Самиздат: [Регистрация] [Найти] [Рейтинги] [Обсуждения] [Новинки] [Обзоры] [Помощь|Техвопросы]
Ссылки:
Школа кожевенного мастерства: сумки, ремни своими руками
 Ваша оценка:

  Камень был теплым, сухим и шершавым. Как старческая рука... Ильяр погладил нагретую солнцем могильную плиту. Солнце давно село, над Орлиной Твердыней распахнула крылья ночь, а камень все отдавал накопленное тепло, делился им щедро... совсем как тот, кто лежал под простой плитой тесаного известняка.
  Старого Энхора не стало весной. Только сошел снег, только начали распускаться крохотные бутоны дикой вишни, обещая залить склоны розово-белым пламенем, только начали пробовать голоса перелетные птицы... Ильяр до сих пор не мог отделаться от чувства горького недоумения. Почему старик не позволил им помочь ему? Его лучшие ученики, не раз заставлявшие смерть отступать, они могли бы подарить ему еще не один год жизни. Но он не захотел принять этого дара, все кряхтел да постукивал палкой. А потом не стало ничего - ни кряхтения, ни привычного стука посоха по каменистой тропинке... Обитель осиротела. А на утесе над обителью появилась белая плита. Старого наставника похоронили там, где все на виду - и обитель, и Орлиная Твердыня, и необъятное небо.
  Ильяр разглядывал свои ладони. После целого дня работы серебристое пламя на кончиках пальцев едва теплилось, но он знал: если понадобится, слабые искры превратятся в костер, разгоняющий смертный холод. Девин щедро делилась со своими посвященными, все равно, кем они были, эльфами или людьми. Вот только эльфы не умирали... по крайней мере, не так скоро, как люди. Если бы только старик не был так упрям... Пальцы покалывало. Если бы только старик разрешил... Он бы сумел вернуть жизнь в одряхлевшее тело, по косточке, по жилке перебрал, вливая дыхание жизни, возвращая молодость. Он смог бы! Сколько еще мог бы дать им старый наставник...

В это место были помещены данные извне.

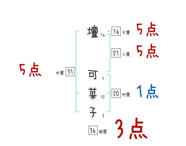 人運![]() | 壇可菜子さんの人運は21画の5つ星!統率力がある。独立し成功する。名誉を手に入れる。 性格や才能などを表す2番目に重要な運勢です。人間関係や協調性、社会的な成功に影響します。主に20歳から50歳ぐらいまでの中年期の運勢を表します。 |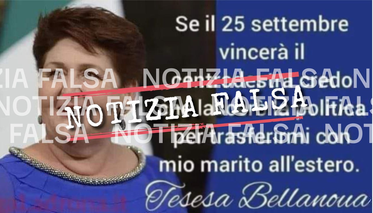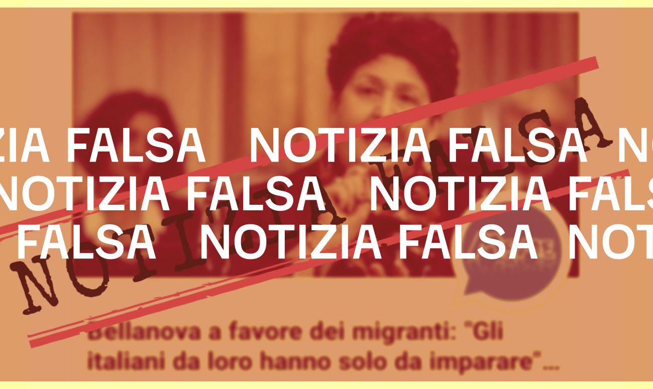 Il 14 agosto su Facebook è stata pubblicata un’immagine che mostra una foto della ministra delle Politiche Agricole Alimentari e Forestali Teresa Bellanova e da una sua presunta dichiarazione riportata dal titolo di un articolo: «Bellanova a favore dei migranti: “Gli italiani da loro hanno solo da imparare”».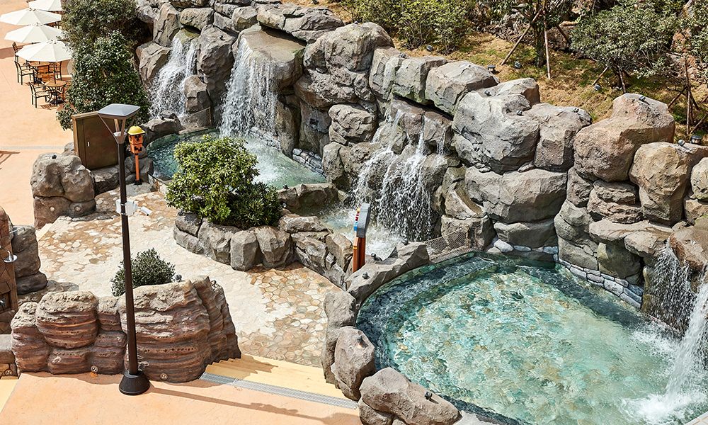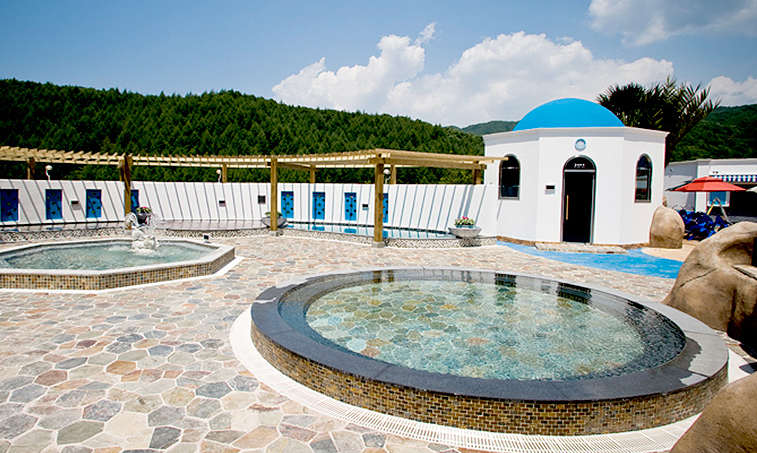 온천 물 을 이용 하는 개인 스파 시설 을 갖춘 테마 파크 의 일부 인 스파 밸리.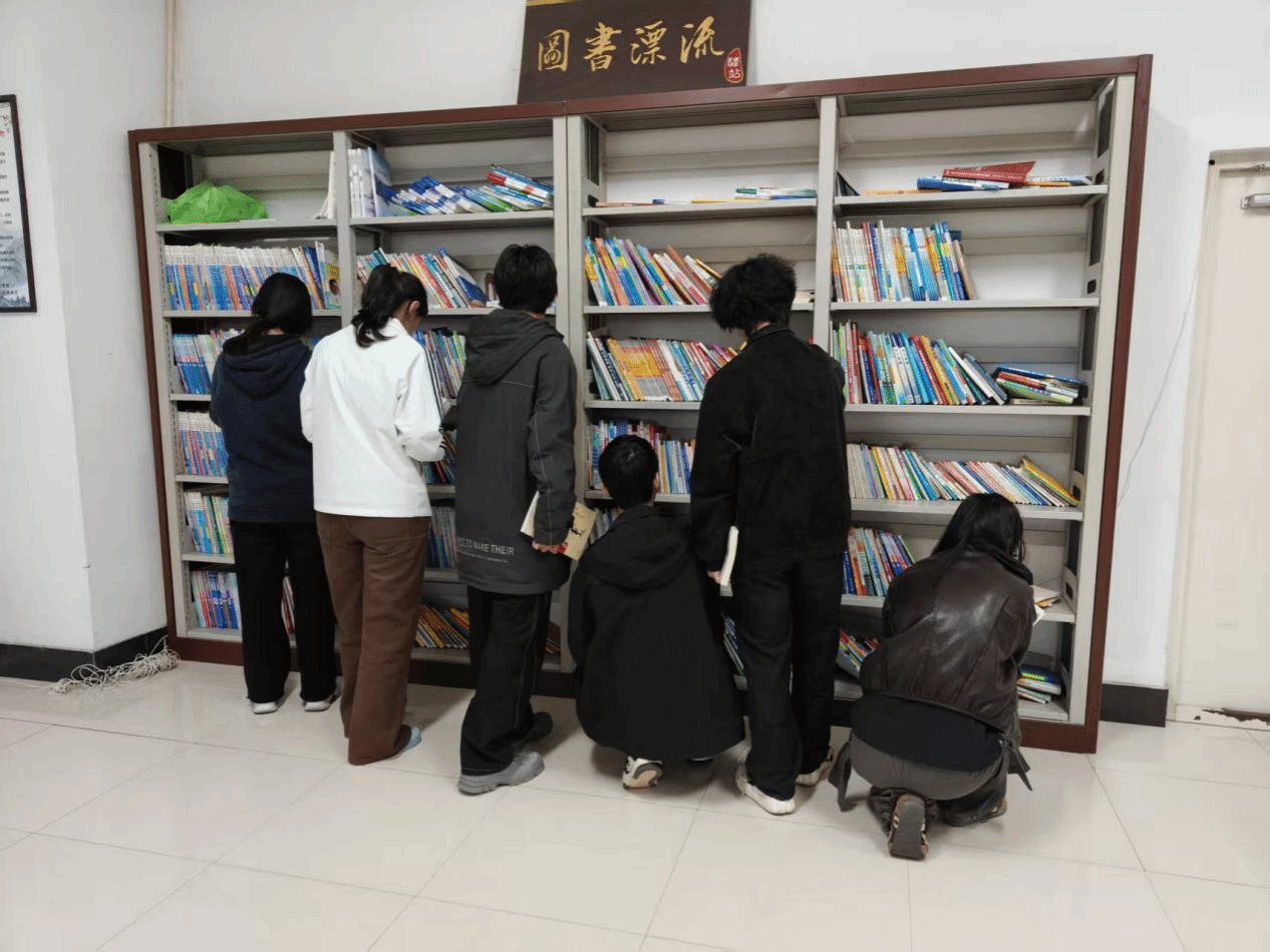 在“图书漂流”站,同学们写下读书寄语相互传递,通过书籍的流转与分享,延续对阅读的热爱。
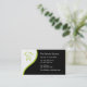 Modern tandläkarevisitkortmall i en slät design som inkluderar ett lycklig tandsymbol och grönt, vit och den svart färgkombinationen, som står egentligen ut. Skräddarsy den texten dig önskar långt. Deigned för ett tandläkarekontor och bemanna, den tand- gruppen eller kliniken.

  Ладонь снова легла на могильную плиту. Из посмертия не возвращаются... Но даже в посмертии остаются живыми - покуда есть кому помнить.
  Ильяр часто приходил посидеть на белой плите. Место у ручья было забыто, что проку в бегущей воде, такой же непостоянной, изменчивой, недолговечной, как сама жизнь? Вот она здесь - и уже нет ее, ушла в сухую землю, в бесплодный камень, улетела легким облаком. А камень остался. Осталось небо. Осталось незыблемое величие бессмертного покоя...
  "Если бы только я мог сделать тебя бессмертным, старик..."
  
  - Начали.
  Серебряное пламя плеснуло с ладоней в обугленную плоть. Сквозь тонкие полотняные стены палатки доносился надрывный плач матери - Ильяр его не слышал. До его слуха доносилось только хриплое дыхание умирающего.
  Эту семью привезли сегодня на рассвете - гнали лошадей, торопясь успеть, и все-таки почти опоздали. Почти. Едва глянув на обезображенные тела мужчины и детей, Ильяр не стал слушать, что произошло. С этим пусть разбираются другие, его дело - не дать угаснуть слабому дыханию жизни.
  Всех троих он спасти не мог. Мужчиной и тем из детей, кто меньше пострадал в пламени, занялись другие - Орлиная Твердыня славилась своими врачами. В палатку Ильяра отнесли младшего, безнадежного. Но он не знал такого слова - "безнадежно". Надежда оставалась всегда.
  Погрузить в милосердное забвение обожженного почти целиком ребенка Ильяр не мог - только боль еще не давала измученному сознанию погаснуть. Приходилось оперировать так, ориентируясь лишь на то, как стонет и дышит малыш. Пока еще дышит...
  Обнажить еще живые ткани, не тронутые пламенем. Наполнить кровь серебряным текучим огнем, пропустить его сквозь все сосуды, до самой тонкой жилки, изгоняя яд, разносимый обугленной кожей. Стать им, этим ребенком, закусить губы, чтобы не закричать от невыносимой боли, почувствовать, как свои собственные, крохотные пальцы, от которых остались, казалось бы, только косточки - и не жалеть, не беречь огня, даже если придется выжечь собственное сердце, открытое Певице!
  Ильяр не молил, не просил - он требовал у богини, требовал, как может требовать только врач, не желающий отдавать смерти маленькую жизнь. Требовал криком, сорвавшимся с окровавленных губ, болью запредельного страдания, волей, не желавшей уступать неизбежности. И богиня повиновалась смертному.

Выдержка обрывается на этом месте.